Дверь с треском слетает с петель и во двор, сказать  выскакивает, вылетает, нет, ураганом  вырывается  дед Митька,увесистый с размашистыми плечами, не выносившийся и не опустившийся в силе, хотя прошел и войну, и поработал и в шахтах, и на каменоломнях.

- Ах, он сучий сын, - дед Митька не кричит, он так навешивает  слова,  мотаясь по двору и пуская такие тяжеловесные обороты, что их слышат, наверное, на конце Гремучки.

-  Ева. Где топор, где вилы, где конь? Я его сегодня на куски порублю. Лопнуло моё терпение. Сколько он будет пить и семью без грошей оставлять. Пусть меня сажают, но я его и вилами поширяю, и топором порублю.

   От слов деда мне и сестре становится страшно.  Мы теснее прижимаемся друг к другу. Не раз видели, как мужики Гремучки, крепко выпив, заводились и ходили с косами и вилами друг на друга.

   Баба Ева выбегает из хаты и бросается к деду Митьке.

- Остынь, ради Бога, - умоляет она, пытаясь закрыть рот деда рукою, но закрыть трудно, дед бодается лобастой головой.

– Ты бы лучше внуков не пугал, а приласкал, и не за топоры, да вилы хватался бы.

   Дед Митька бросает мотаться по двору, остывает, подходит к нам.

- Ева, - у него слова не «идут», а «бегут». – А ну тащи всё на стол. Быстро. Если у самой не хватит, беги к соседям. Бери у них. Они знают меня. Я всегда отдаю.

- У меня  хватит.

   Баба Ева юркает в кухню.

   Переполох.

   Она ставит на стол большую миску  с краснопузыми варениками с вишнями, кувшин с молоком, творог, сметану в банках…, потом начинает потрошить погреб.

   Я и сестра раздуваемся в щеках.

- А теперь спать, -  дед Митька не просто говорит, он приказывает. – Десять километров отшагали. Не могли мне передать, чтоб я за вами приехал. Еду я вам посылал.

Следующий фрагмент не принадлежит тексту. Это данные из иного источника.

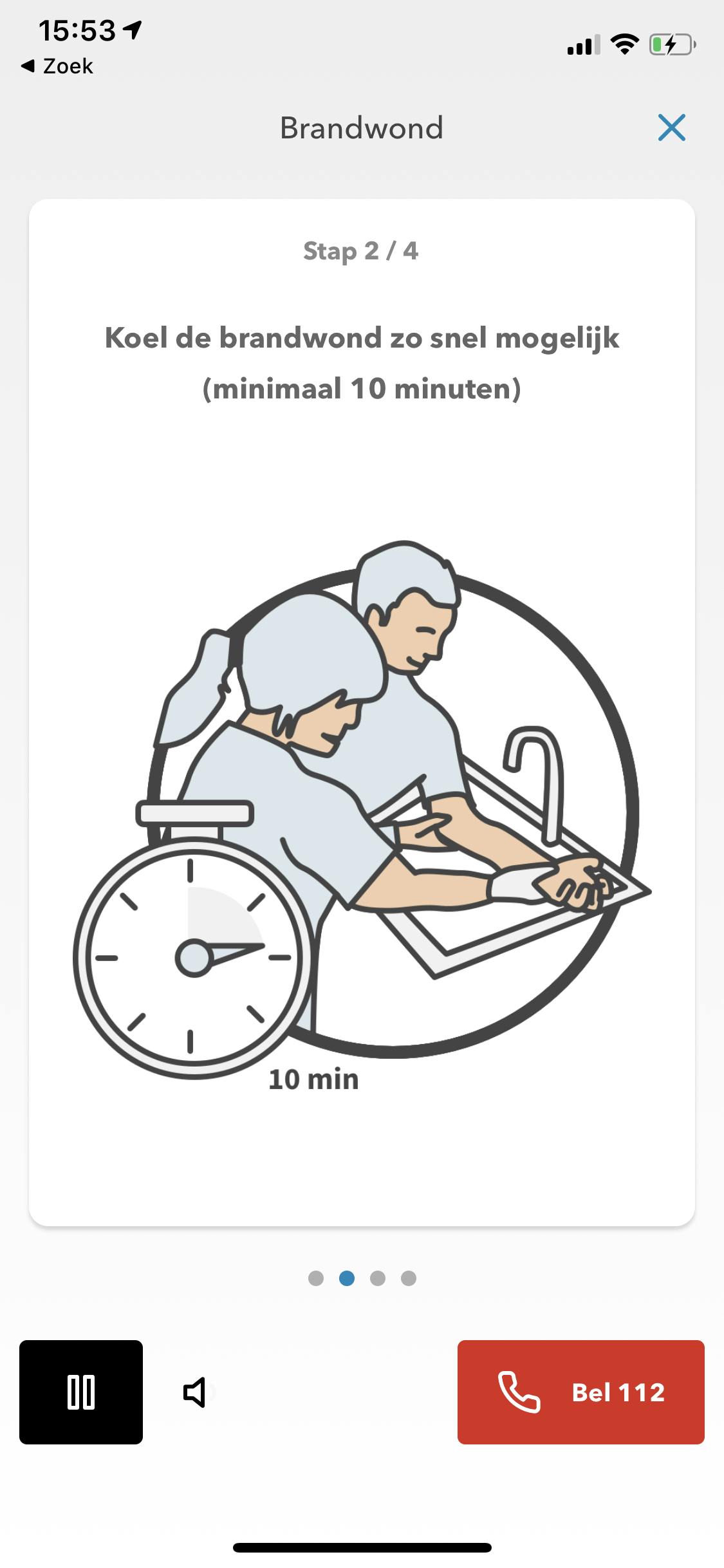 De indeling van de app is heel prettig, met bovenaan de meest dringende situaties die kunnen voorkomen (zoals hevig bloeden, bewusteloosheid, niet meer ademen en brandwonden) en daarnaast een zoekveld, zodat je ook kunt zoeken naar een andere situatie die zich op dat moment voordoet. Net als bij de app van de Hartstichting, kun je een audio-instructie inschakelen waarna je het toestel weg kunt leggen en vervolgens hulp kunt verlenen.

- Мы её уже съели, - говорю я, утрамбовывая кулаками щёки. – Неделю без хлеба сидим.

   От моих слов дед не срывается, а слетает с табуретки, снова начинает нарезать  по двору и уже не кричат, а вкладывается в голос всей силой: где топор, где вилы…, пока баба Ева не успокаивает его.

- Неделю без хлеба, - вздыхает дед и напускается на бабу Еву. – Что ж так мало кладешь? Нужно было бочку, две бочки, погреб, хату, огород…меня в шею и к ним. Эх. Надо было самому приехать.

- Тебе нельзя ехать, - вмешивается сестра.

- Это почему же? – вскидывается дед.

- Ты, когда приезжаешь, начинаешь его бить, - добавляю я. – А он  батько наш.

- Это верно, батько, - цедит дед и, глядя на меня, начинает бурлить – Умник, какой стал. Батько наш. Налопались, идите и поспите, а потом гуляйте сколько хотите.  А я тут кое-что с бабой решу насчёт вашего батьки.

   Я и сестра ложимся на сено под грушею, притворяемся, что засыпаем, но прислушиваемся, что же дед будет говорить бабе.

- Ну, побьешь ты его, -  баба плачет, - уже не раз бил. А толк. Больше пить только стал. Да разве только он один пьет.

- Пить он больше не будет, - твёрдо отвечает дед Митька. – Я вот что придумал.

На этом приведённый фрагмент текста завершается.